Маша смотрела широко раскрытыми глазами. Перед ее мысленным взором вновь промелькнуло загадочное лицо и когтистая лапа.

Глава 2

После истории со свадьбой прошло две недели. Михаил Яковлевич, хоть и удрученный несчастьем друга, однако был принужден думать прежде всего о своих неприятностях. Собственные дела его пока складывались не самым удачным образом. Офицерское жалованье Колова было невелико, и, как человек честный и порядочный, он не мог жениться, не обеспечив будущей жене достойное существование. Молодой человек осмелился явиться к начальству, чтобы узнать, не выйдет ли ему повышения звания и увеличения оклада. Увы, в ближайшее время рассчитывать оказалось не на что, перемен следовало ждать только через год, а то и полтора. Маша, узнав об этом, пала духом, ей не терпелось под венец с любимым Мишенькой. Сам Колов пребывал в раздражении, он опасался, вдруг милая и очаровательная невеста, не дождавшись свадьбы, упорхнет. Он мрачнел, становился язвительным и излишне строгим по отношению к девушке, будто она уже переменилась к нему. Но Маша не сердилась и не обижалась. Она принимала любимого таким, каков он есть. Да, он не умеет вести нежных речей с придыханием, не читает стихов и не пишет в альбоме всякие приятные пустяки. Он сдержан и немногословен. Но в те мгновения, когда из его уст вырывались нежные признания, а в глазах разгорался огонь страсти, Маша понимала, сколь глубоко его чувство и как много скрыто за внешней невозмутимостью! Мысль о чувственной стороне любви будоражила воображение юной девушки, она краснела, трепетала от поцелуев жениха, просыпалась по ночам от нескромных сновидений и жаждала, чтобы они сбылись наяву.

Между тем Стрельниковы получили от родителей жениха приглашение на именины госпожи Коловой. Елизавета Дмитриевна, дама, наделенная практическим умом, выбирая в лавке Гостиного двора подарок для будущей сватьи, колебалась.

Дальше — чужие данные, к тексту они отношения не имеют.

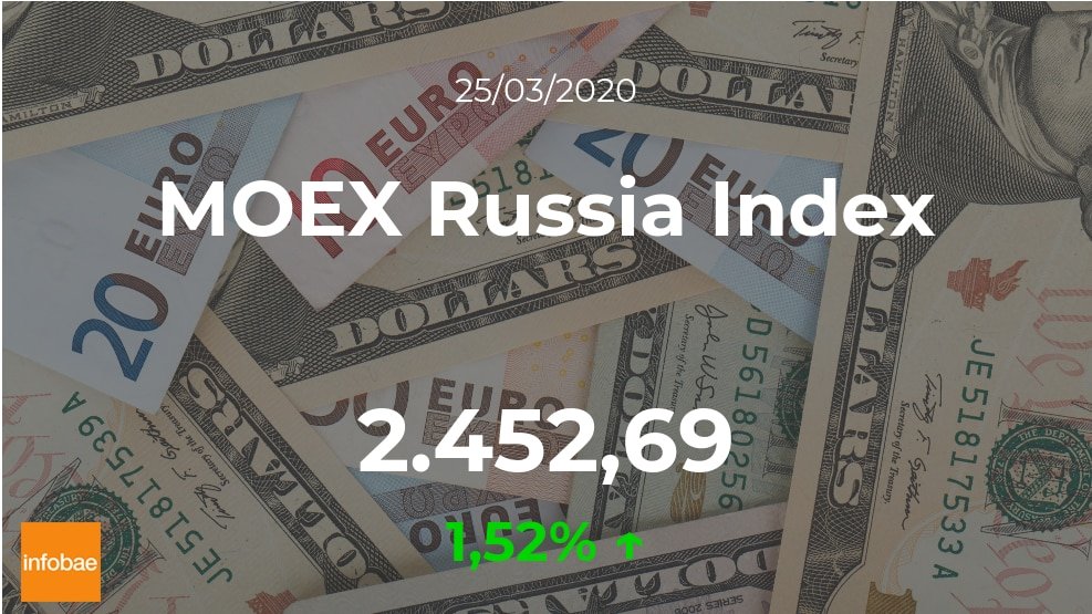 Positiva jornada para el MOEX Russia Index, que terminó la sesión del miércoles 25 de marzo con notables subidas del 1,52%, hasta los 2.452,69 puntos. El MOEX Russia Index anotó un máximo de 2.518,38 puntos y un mínimo de 2.372,34 puntos. El rango de cotización para el MOEX Russia Index entre su punto más alto y el más bajo (máximo-mínimo) durante este día se situó en el 5,8%.

Купить дюжину изящных чашек с блюдцами? Так в этом суетном доме скоро их разобьют, да и вряд ли оценят красоту фарфора. Тогда, пожалуй, отрез на платье – тот, что потемней, немаркий, или фланели на капор? Отрез дороговато, но подарок нужен достойный. Женщина вздохнула и указала приказчику на приглянувшуюся материю. Сама давно без обнов, но что делать, дочка на выданье, ей приличный гардероб положен, приданое какое-никакое тоже собрать надо, совсем без ничего тоже нельзя в чужой дом отдавать! Тем более что там тоже бедность из всех углов глядит, в чем придет, в том и будет ходить бог знает сколько времени, пока на ноги встанут! От этих невеселых мыслей Елизавете Дмитриевне стало совсем грустно. Ну почему Машенька повторяет ее путь? В свое время юная Лизочка – девушка из дворянской семьи, выпускница Смольного института, без памяти влюбилась в бедного студента и вышла за него, несмотря на уговоры семьи. И что же? Она быстро растеряла прежний круг знакомств, потому как муж туда не был вхож. От страстной любви скоро осталось одно воспоминанье. Она сильно померкла от невзгод скромного быта, от постоянной нужды и унижения безденежьем. А когда муж умер, они остались с дочкой вдвоем перед лицом жизненных бед. Одна надежда была на удачный брак хорошенькой Маши, так ведь нет, поди ж ты, угораздило ее влюбиться в этого офицерика!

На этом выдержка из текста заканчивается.